» Listed entries
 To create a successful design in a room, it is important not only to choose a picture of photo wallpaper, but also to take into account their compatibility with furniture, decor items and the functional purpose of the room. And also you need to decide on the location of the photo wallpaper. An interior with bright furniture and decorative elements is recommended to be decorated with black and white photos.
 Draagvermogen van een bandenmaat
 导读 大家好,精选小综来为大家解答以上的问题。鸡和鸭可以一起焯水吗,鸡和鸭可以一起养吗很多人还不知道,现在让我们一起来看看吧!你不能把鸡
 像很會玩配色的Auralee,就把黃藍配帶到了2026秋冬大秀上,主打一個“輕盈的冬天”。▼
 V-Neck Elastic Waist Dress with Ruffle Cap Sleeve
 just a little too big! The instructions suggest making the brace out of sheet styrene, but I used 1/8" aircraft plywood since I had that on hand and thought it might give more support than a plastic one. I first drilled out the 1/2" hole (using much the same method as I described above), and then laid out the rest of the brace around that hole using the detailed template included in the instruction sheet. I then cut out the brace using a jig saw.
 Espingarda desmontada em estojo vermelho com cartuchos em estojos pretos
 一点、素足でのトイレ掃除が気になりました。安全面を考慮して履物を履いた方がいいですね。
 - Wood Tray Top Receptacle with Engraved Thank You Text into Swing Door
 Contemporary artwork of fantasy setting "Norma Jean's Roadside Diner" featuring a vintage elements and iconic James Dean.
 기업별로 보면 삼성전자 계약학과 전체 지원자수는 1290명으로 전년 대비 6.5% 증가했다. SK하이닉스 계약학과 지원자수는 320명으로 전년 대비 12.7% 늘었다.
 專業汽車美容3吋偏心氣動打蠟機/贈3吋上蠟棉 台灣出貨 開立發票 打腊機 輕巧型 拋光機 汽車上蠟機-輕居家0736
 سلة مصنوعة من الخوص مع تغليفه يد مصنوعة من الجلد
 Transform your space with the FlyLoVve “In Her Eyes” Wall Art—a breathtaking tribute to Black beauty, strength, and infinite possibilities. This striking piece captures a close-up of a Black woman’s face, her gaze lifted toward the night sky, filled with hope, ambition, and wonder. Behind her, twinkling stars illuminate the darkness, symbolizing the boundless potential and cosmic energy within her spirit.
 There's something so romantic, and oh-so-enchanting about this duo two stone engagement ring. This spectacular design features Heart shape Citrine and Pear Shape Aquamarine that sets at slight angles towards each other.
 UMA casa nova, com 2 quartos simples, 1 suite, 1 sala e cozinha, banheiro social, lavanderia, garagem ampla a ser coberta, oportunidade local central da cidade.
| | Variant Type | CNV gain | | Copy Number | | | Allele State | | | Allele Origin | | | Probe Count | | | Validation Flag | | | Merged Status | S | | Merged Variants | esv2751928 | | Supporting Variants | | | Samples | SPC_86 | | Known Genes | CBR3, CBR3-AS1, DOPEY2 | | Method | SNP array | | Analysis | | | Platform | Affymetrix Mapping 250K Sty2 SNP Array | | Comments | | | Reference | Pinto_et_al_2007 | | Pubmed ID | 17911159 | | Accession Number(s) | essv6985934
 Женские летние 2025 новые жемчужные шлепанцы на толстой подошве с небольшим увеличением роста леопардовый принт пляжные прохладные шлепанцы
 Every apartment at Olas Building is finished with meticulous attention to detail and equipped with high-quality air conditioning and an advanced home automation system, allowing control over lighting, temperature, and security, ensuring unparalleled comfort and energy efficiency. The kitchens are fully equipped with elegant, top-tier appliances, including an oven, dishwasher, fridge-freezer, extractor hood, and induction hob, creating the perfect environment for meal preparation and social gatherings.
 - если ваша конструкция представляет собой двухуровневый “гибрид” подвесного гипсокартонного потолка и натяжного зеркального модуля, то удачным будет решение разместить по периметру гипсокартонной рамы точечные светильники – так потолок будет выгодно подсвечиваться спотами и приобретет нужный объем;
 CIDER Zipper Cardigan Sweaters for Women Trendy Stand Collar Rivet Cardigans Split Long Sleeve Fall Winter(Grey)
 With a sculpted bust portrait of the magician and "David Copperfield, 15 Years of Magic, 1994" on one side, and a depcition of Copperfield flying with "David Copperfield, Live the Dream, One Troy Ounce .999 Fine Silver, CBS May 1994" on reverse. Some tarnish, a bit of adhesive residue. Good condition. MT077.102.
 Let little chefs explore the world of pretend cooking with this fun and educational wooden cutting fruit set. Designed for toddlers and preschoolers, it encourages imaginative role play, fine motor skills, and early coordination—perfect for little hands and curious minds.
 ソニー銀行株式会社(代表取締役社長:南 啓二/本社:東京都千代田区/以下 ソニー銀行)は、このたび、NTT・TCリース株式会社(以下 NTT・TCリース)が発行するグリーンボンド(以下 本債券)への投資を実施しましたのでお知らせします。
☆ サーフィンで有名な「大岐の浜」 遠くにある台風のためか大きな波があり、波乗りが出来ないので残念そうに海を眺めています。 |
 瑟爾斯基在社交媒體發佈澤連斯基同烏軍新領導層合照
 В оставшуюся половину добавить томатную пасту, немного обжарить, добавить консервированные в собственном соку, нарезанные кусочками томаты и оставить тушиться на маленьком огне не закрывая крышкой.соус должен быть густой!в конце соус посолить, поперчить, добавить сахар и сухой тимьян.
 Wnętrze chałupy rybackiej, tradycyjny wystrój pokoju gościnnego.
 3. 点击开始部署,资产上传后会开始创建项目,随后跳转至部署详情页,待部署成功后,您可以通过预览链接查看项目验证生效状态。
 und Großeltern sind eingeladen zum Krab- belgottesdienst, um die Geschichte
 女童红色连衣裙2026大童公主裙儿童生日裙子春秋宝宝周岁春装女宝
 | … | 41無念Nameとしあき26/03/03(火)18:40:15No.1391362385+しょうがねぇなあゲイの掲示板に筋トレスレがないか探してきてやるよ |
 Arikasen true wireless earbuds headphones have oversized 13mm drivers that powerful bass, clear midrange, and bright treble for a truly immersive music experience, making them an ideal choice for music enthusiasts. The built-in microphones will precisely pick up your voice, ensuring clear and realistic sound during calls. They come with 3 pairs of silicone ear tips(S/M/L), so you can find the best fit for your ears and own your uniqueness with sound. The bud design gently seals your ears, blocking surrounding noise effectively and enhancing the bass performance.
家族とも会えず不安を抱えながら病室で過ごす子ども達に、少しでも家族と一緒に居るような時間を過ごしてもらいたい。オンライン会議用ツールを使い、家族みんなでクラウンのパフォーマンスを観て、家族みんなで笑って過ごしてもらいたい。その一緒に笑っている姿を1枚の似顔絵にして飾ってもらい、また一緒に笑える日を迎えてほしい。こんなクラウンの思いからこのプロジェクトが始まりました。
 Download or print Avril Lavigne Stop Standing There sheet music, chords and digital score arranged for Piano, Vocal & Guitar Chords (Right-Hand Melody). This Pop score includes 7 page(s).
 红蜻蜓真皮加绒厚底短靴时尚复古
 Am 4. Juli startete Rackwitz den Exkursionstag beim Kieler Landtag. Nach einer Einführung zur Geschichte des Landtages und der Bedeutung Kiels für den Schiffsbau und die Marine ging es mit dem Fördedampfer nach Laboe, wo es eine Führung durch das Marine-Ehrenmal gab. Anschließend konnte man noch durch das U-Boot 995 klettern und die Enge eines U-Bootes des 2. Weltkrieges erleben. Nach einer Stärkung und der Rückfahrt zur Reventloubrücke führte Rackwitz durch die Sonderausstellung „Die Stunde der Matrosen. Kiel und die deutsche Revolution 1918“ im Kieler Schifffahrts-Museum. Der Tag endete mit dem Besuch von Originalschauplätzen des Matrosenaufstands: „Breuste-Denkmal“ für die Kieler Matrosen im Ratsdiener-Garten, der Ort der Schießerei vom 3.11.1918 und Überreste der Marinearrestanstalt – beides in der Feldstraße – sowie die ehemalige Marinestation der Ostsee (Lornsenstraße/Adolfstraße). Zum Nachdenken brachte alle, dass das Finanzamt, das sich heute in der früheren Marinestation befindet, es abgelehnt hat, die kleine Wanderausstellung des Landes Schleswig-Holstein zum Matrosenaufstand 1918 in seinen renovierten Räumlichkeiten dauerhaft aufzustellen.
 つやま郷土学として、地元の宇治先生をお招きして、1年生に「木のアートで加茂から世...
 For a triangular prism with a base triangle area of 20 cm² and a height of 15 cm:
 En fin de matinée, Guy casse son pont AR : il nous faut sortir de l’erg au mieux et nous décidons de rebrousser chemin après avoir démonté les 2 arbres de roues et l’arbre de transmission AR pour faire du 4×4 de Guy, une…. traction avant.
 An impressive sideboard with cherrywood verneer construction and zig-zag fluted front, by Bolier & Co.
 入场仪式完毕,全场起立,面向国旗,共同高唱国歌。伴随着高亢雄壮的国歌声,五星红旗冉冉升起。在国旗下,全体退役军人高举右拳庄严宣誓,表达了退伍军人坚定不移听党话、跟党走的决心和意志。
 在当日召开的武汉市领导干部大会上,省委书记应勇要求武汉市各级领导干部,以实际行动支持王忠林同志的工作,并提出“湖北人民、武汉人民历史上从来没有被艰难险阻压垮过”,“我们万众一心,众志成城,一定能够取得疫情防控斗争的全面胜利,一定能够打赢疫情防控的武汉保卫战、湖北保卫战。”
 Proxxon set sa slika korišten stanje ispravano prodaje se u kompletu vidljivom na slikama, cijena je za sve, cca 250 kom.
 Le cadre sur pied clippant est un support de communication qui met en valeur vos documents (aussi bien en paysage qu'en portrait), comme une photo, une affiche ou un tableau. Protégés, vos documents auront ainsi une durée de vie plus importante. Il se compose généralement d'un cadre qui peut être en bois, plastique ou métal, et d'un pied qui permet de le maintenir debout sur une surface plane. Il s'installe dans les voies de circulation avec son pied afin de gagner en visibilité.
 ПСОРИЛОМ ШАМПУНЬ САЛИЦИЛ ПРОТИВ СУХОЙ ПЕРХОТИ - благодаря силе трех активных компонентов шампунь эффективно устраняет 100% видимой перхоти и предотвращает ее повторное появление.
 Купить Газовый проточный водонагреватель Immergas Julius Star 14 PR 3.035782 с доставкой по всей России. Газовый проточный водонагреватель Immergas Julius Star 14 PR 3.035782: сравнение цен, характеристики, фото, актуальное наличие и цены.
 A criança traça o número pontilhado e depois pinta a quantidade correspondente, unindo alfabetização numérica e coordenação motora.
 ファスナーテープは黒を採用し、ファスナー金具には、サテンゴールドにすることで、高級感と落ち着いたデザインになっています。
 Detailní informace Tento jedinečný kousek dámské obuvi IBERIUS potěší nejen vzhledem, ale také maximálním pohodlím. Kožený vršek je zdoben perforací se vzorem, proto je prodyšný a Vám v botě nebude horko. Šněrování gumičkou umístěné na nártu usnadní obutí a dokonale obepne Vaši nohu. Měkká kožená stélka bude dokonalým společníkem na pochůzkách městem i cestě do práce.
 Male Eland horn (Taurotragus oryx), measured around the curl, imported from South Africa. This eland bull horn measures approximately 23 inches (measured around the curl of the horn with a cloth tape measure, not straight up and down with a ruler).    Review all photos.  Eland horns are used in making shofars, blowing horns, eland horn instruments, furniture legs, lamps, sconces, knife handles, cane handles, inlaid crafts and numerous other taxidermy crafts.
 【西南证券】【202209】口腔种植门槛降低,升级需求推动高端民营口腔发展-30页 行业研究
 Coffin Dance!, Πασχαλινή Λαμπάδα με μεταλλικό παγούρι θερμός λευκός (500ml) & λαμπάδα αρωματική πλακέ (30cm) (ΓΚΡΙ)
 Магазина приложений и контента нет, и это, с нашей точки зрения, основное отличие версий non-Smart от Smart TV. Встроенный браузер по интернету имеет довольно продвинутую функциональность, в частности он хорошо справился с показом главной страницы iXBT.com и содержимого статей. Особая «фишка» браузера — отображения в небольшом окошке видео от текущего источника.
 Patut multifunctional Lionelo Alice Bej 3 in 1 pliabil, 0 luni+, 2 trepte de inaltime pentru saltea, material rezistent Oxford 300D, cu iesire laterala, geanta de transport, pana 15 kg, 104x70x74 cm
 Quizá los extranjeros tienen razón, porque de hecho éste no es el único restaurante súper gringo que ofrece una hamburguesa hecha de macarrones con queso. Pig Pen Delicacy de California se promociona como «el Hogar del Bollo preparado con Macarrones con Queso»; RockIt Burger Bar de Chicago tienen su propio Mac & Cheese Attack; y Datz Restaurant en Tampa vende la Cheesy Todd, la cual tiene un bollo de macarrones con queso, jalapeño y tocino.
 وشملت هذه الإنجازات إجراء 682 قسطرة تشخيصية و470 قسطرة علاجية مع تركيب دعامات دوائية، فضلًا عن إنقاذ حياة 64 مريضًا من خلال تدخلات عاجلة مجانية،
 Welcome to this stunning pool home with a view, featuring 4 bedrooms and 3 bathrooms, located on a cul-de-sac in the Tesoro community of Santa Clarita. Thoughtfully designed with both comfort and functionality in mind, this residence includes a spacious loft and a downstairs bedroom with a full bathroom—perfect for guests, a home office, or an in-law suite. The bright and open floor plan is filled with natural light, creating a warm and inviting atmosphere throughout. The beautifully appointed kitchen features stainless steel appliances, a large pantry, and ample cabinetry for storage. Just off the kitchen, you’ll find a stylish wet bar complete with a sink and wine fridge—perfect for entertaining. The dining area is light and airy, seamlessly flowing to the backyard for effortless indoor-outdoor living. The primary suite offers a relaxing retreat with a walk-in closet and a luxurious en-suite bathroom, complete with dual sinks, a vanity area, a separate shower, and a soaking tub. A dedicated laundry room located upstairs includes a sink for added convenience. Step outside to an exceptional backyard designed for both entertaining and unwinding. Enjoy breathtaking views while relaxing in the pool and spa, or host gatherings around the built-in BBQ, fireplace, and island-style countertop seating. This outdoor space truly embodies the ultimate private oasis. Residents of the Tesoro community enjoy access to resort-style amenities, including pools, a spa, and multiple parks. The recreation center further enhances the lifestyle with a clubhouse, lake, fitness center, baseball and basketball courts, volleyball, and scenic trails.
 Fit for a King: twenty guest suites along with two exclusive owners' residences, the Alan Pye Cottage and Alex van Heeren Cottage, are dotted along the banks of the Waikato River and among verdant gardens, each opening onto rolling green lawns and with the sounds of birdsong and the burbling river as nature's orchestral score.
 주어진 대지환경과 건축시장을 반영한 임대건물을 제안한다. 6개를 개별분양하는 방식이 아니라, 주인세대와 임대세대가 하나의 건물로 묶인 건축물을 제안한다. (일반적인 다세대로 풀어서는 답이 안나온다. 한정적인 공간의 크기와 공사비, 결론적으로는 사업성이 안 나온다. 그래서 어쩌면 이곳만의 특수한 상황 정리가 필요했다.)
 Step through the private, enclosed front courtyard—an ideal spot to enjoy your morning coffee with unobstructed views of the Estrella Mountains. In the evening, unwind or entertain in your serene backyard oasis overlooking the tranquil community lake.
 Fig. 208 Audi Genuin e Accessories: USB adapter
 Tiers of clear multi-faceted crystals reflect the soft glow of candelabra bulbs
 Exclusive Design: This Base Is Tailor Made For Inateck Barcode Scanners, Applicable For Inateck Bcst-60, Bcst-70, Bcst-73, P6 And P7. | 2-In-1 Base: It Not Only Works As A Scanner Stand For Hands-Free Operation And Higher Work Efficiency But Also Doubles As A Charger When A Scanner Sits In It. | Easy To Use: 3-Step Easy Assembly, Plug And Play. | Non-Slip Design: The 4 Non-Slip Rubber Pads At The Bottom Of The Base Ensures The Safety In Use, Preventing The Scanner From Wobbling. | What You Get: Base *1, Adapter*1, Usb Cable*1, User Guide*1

» Activity
Find how many lines of the preceding data contain "Sleeve", and answer with that number only.

» Solution to this exercise
2